**EXERCISE DIRECTIONS**
From the line containing "昨晚在古晋—石隆门公路靠近哈吉巴基村(Kampung Haji Baki)发生一起山体坍塌事件,当局建议公路使用者改道。" to the line containing "Q: What type" in the entries below, reproduce every line exactly, ends included. Nothing else belongs in the copy, and no pictures.

[[ DATA FOR THE TASK open ]]

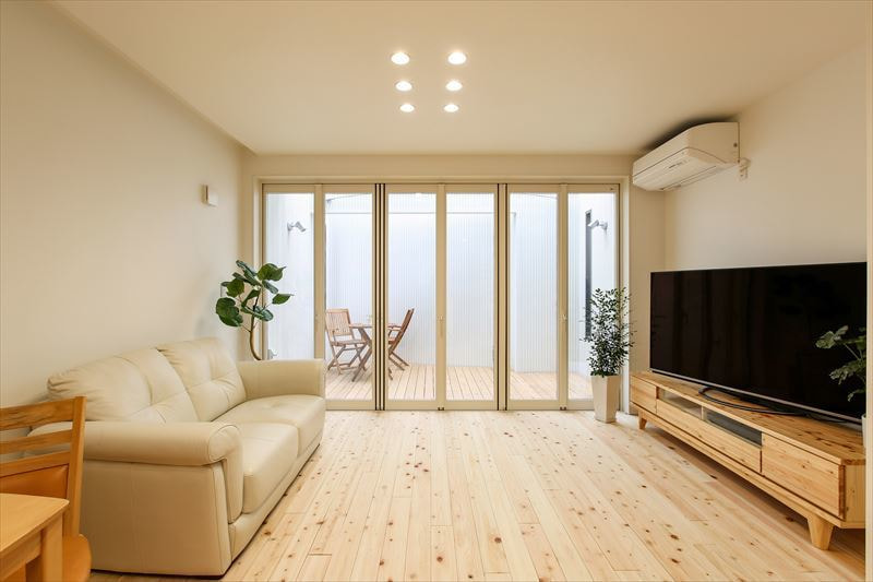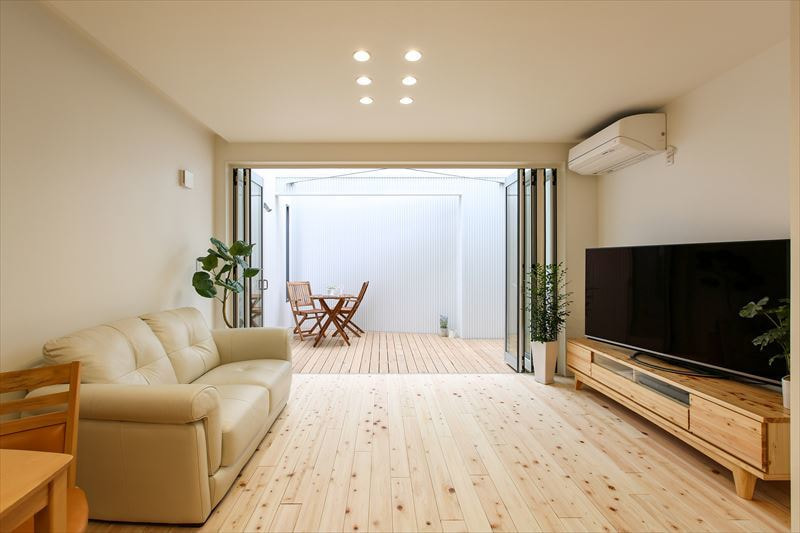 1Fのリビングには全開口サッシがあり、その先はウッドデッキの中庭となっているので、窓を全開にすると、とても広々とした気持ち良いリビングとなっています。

[[ DATA FOR THE TASK closed ]]
[[ DATA FOR THE TASK open ]]

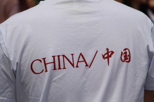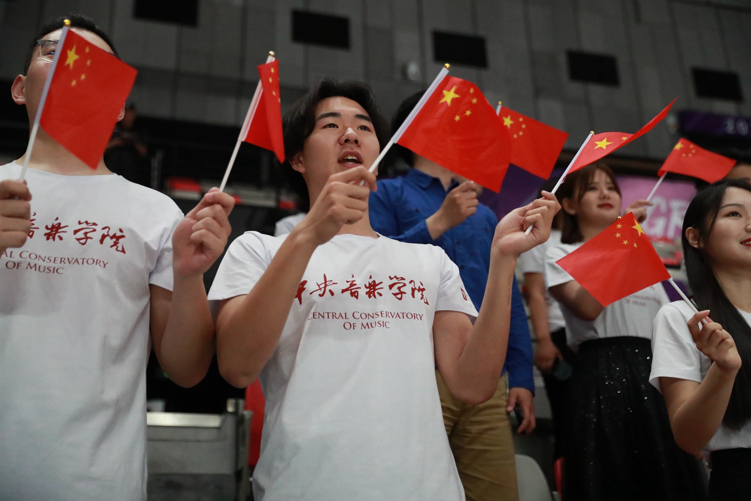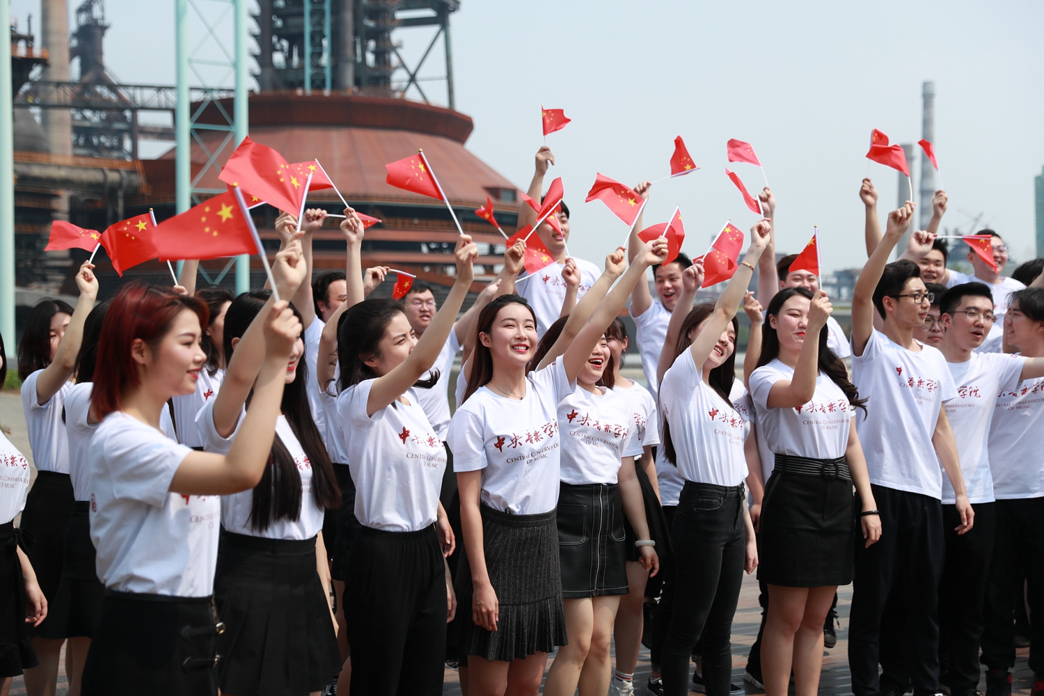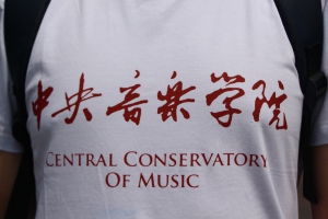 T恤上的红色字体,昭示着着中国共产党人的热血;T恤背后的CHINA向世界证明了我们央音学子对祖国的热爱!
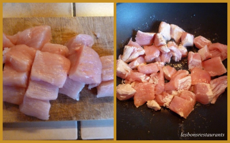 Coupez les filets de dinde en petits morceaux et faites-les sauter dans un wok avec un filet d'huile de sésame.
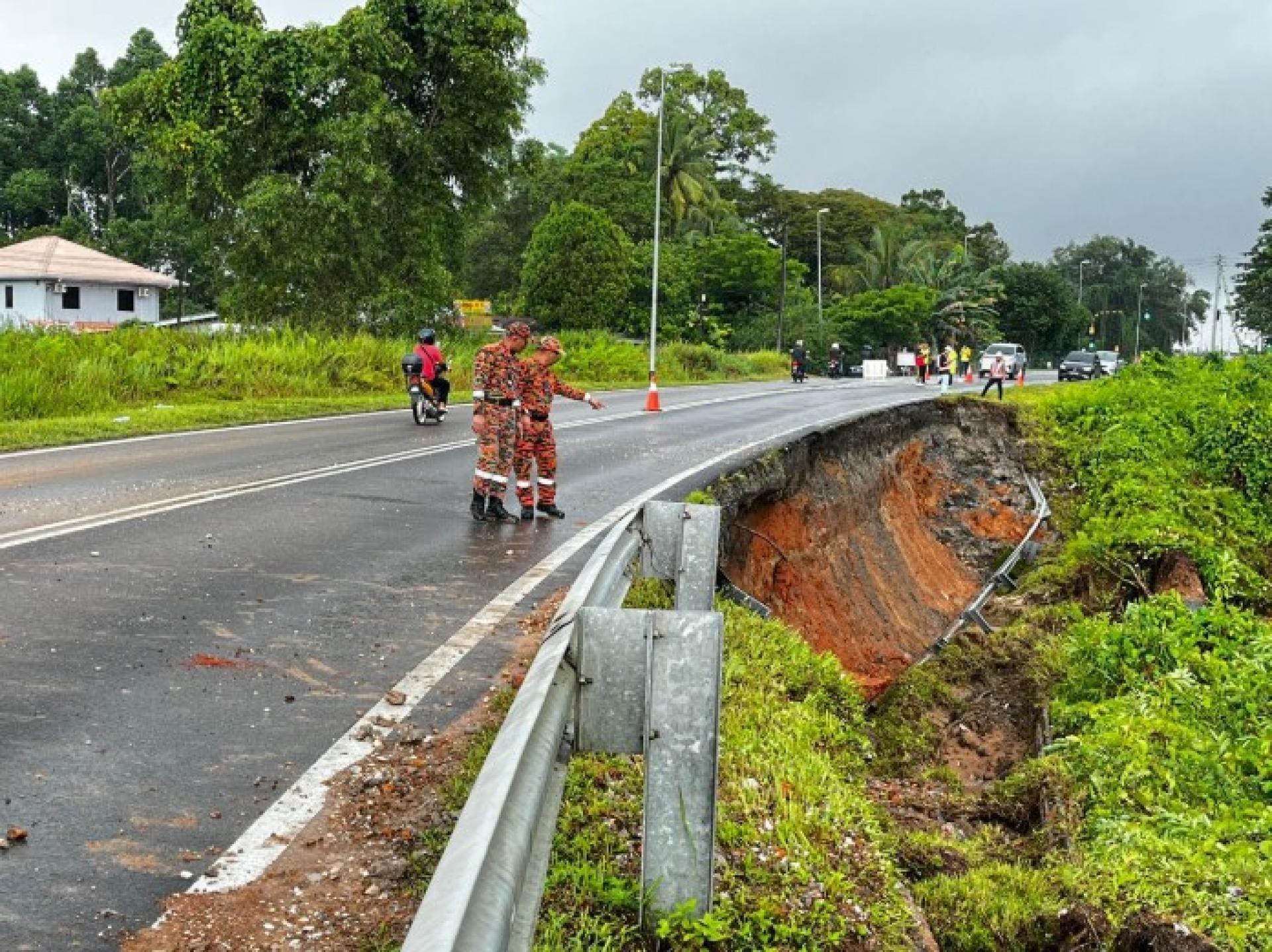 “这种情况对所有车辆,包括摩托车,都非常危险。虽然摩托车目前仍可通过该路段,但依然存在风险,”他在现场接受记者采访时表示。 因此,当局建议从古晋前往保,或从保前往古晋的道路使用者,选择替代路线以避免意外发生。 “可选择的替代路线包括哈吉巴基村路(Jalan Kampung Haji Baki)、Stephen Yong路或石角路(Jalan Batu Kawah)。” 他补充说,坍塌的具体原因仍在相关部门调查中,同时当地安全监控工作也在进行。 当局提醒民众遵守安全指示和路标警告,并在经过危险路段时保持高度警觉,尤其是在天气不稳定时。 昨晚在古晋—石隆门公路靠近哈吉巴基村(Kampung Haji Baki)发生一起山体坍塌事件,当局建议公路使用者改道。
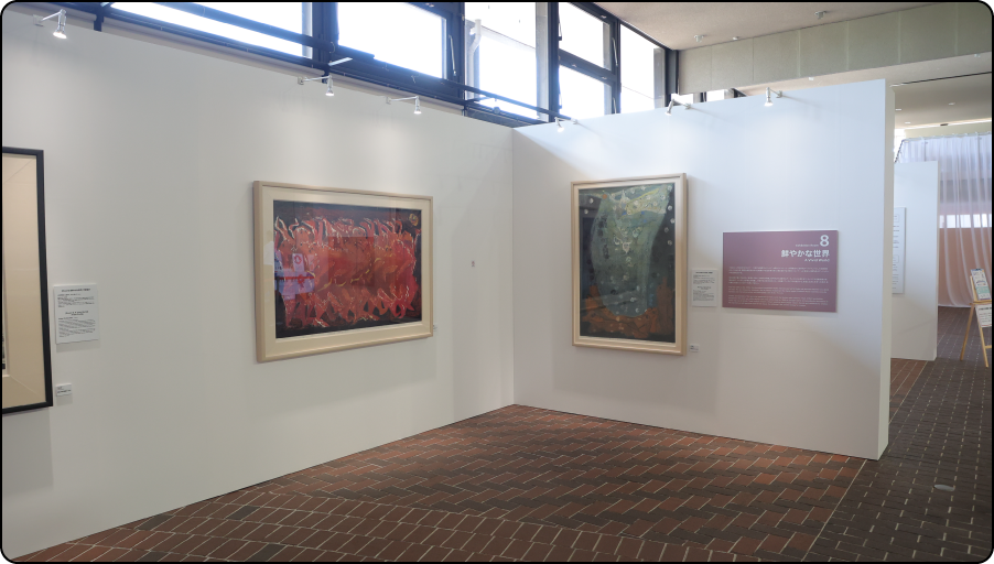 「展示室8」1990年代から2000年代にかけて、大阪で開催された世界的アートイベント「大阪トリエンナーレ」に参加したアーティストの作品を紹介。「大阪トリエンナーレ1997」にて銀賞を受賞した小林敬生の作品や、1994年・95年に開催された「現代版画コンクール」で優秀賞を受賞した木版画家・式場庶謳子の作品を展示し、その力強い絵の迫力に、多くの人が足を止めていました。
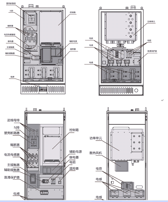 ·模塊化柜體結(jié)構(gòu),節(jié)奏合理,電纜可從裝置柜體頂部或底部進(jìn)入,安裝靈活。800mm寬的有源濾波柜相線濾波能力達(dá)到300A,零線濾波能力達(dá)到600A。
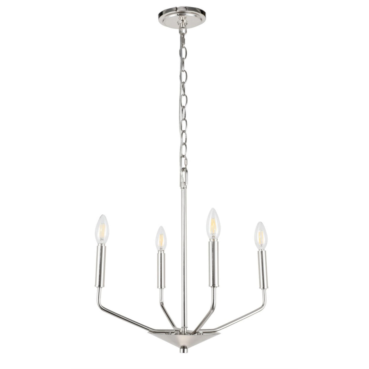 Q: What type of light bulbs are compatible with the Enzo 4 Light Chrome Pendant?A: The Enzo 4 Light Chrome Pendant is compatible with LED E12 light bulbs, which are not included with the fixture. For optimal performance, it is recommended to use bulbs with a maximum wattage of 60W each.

[[ DATA FOR THE TASK closed ]]

**OUTPUT FOR THIS EXERCISE**
 “这种情况对所有车辆,包括摩托车,都非常危险。虽然摩托车目前仍可通过该路段,但依然存在风险,”他在现场接受记者采访时表示。 因此,当局建议从古晋前往保,或从保前往古晋的道路使用者,选择替代路线以避免意外发生。 “可选择的替代路线包括哈吉巴基村路(Jalan Kampung Haji Baki)、Stephen Yong路或石角路(Jalan Batu Kawah)。” 他补充说,坍塌的具体原因仍在相关部门调查中,同时当地安全监控工作也在进行。 当局提醒民众遵守安全指示和路标警告,并在经过危险路段时保持高度警觉,尤其是在天气不稳定时。 昨晚在古晋—石隆门公路靠近哈吉巴基村(Kampung Haji Baki)发生一起山体坍塌事件,当局建议公路使用者改道。
 「展示室8」1990年代から2000年代にかけて、大阪で開催された世界的アートイベント「大阪トリエンナーレ」に参加したアーティストの作品を紹介。「大阪トリエンナーレ1997」にて銀賞を受賞した小林敬生の作品や、1994年・95年に開催された「現代版画コンクール」で優秀賞を受賞した木版画家・式場庶謳子の作品を展示し、その力強い絵の迫力に、多くの人が足を止めていました。
 ·模塊化柜體結(jié)構(gòu),節(jié)奏合理,電纜可從裝置柜體頂部或底部進(jìn)入,安裝靈活。800mm寬的有源濾波柜相線濾波能力達(dá)到300A,零線濾波能力達(dá)到600A。
 Q: What type of light bulbs are compatible with the Enzo 4 Light Chrome Pendant?A: The Enzo 4 Light Chrome Pendant is compatible with LED E12 light bulbs, which are not included with the fixture. For optimal performance, it is recommended to use bulbs with a maximum wattage of 60W each.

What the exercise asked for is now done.